• Queensland Ballet in A Midsummer Night's Dream. Photography David Kelly.
    Queensland Ballet in A Midsummer Night's Dream. Photography David Kelly.

Playhouse, Queensland Performing Arts Centre
Reviewed April 12

Originally a co-production between Queensland Ballet (QB) and Royal New Zealand Ballet, Liam Scarlett’s A Midsummer Night’s Dream had its Australian premiere in 2016. Seeing the ballet again after an eight-year hiatus, I am reminded of the enormous loss to the dance world, too soon, of a prodigious creative talent. It is timely that works by Scarlett are being performed again for us all to enjoy.

A Midsummer Night’s Dream is, by any measure, a carefully crafted gem – innovative, witty, but also gloriously poetic. Treading his own path in interpreting Shakespeare’s classic, Scarlett condensed this romantic comedy of mischief to its essence. The back-story of Theseus and Hippolyta, and their wedding, is missing, resulting in a simplified focus on the mercurial world of the fairies, ruled over by Titania and Oberon, into which stumble the four lovers as modern-day explorers, accompanied by the band of Mechanicals (called Rustics here), including the hapless Bottom.

The curtain rises after the familiar Mendelssohn overture, on a dark and glittering fairy woodland – the setting for both acts. Banks of fibre-optic fingers, sprouting polyp-like ‘flowers’ glow incandescently in this starlit darkness – a whimsical forest with multiple hiding places for fairies, at different levels. Beautifully lit by Kendall Smith to evoke magic and mystery, Tracy Grant Lord’s enchanting set (and costume) design, almost steals the show.

Rian Thompson and Lucy Green in Qb's A Midsummer Night's Dream. Photography David Kelly.

However, the plaudits go to Scarlett’s choreography. Anchored in the classical canon and always musically astute, the movement segues from the intricate to a breadth of spiralling off-balance turns and leaps. There is a clear delineation between the movement construct of the different characters, where the fairies for instance, move with a mercurial lightness. In frothy tutus of lapis lazuli blue, their very fast, tightly executed footwork and soft floating arms, are often punctuated by the sudden ‘hovering’ of a tightly drawn up 5th position en pointe.

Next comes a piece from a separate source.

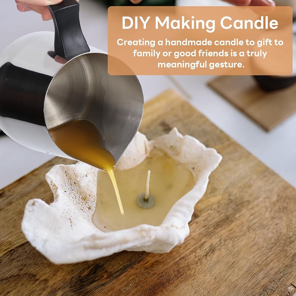 [سعة كبيرة] عزز صناعة الشموع الخاصة بك من خلال وعاء صب الشموع ذو السعة الكبيرة! يتميز وعاء صب الشموع هذا بحجم كبير يبلغ 32 أونصة/900 مل، ويمكنه استيعاب ضعف كمية الشمع الذائب تقريبًا مقارنة بالأنواع الأخرى الموجودة في السوق. مثالية للمشاريع الكبيرة، فهي تتيح تجربة أكثر انسيابية وممتعة. لذا، وداعًا للانقطاع المتكرر لإعادة التعبئة.

Principal Artist Lucy Green was superb as Titania, with a boneless, languid fluidity, while perfectly capturing the character’s stubborn capriciousness. Her ‘love duet’ with Bottom’s (Rian Thompson) donkey was also deliciously amusing, and the luscious pas de deux with Principal Artist Joel Woellner as Oberon, a poetic embodiment of the play’s final moments.

Woellner captured Oberon’s strong-willed, and imperious character well – his sweeping solo at the top of Act 2 was an especially glorious visual realisation of the majestic Hebrides Overture – one of a selection of orchestral works by Mendelssohn selected by QB Music Director Nigel Gaynor to supplement the ‘Midsummer Night’s Dream overture and incidental music.

Kohei Iwamoto as Puck in QB's A Midsummer Nights Dream. Photograhy David Kelly.

The mercurial impishness of Puck was well captured by Kohei Iwamoto, who delivered a technically immaculate performance of the tricky turn and jump combinations. Thompson, undoubtedly the company’s comedy king, reprised the role of Bottom - his dance as the donkey a comedic assembly of hitch kicks, hip swivels and pawing pas de chats. His seven fellow Rustics were also a delight, their impeccable technique never compromised by the shenanigans afoot.

However, it was a bespectacled Georgia Swan (Helena), Vito Bernasconi (Demetrius), Chiara Gonzalez (Hermia), and Alexander Idaszak (Lysander) who collectively provided most of the merriment as their characters fell in and out of love. The mayhem of mismatched lovers was cleverly told by both the movement and music, most notably in a manic pas de trois, in which Demetrius and Lysander battle for Helena’s affections. The comic timing shown here, and in the earlier duet between Helena and Demetrius, was masterful.

The idiosyncratic lead fairies, Mustard Seed (Laura Tosar), Moth (Isabella Swietlicki), Peaseblossom (Sophie Zoricic), and Cobweb (Paige Rochester), each had their own quirky personality, but, together with the six fairies of the corps, and moving like quicksilver, were all beautifully together en masse.

This season is the first for newly appointed QB Artistic Director, Leanne Benjamin, and a terrific start. The company of dancers appeared fresh and energised in a performance by all that was flawless. If you’re in Brisbane, ballet lover or otherwise, the show’s not to be missed!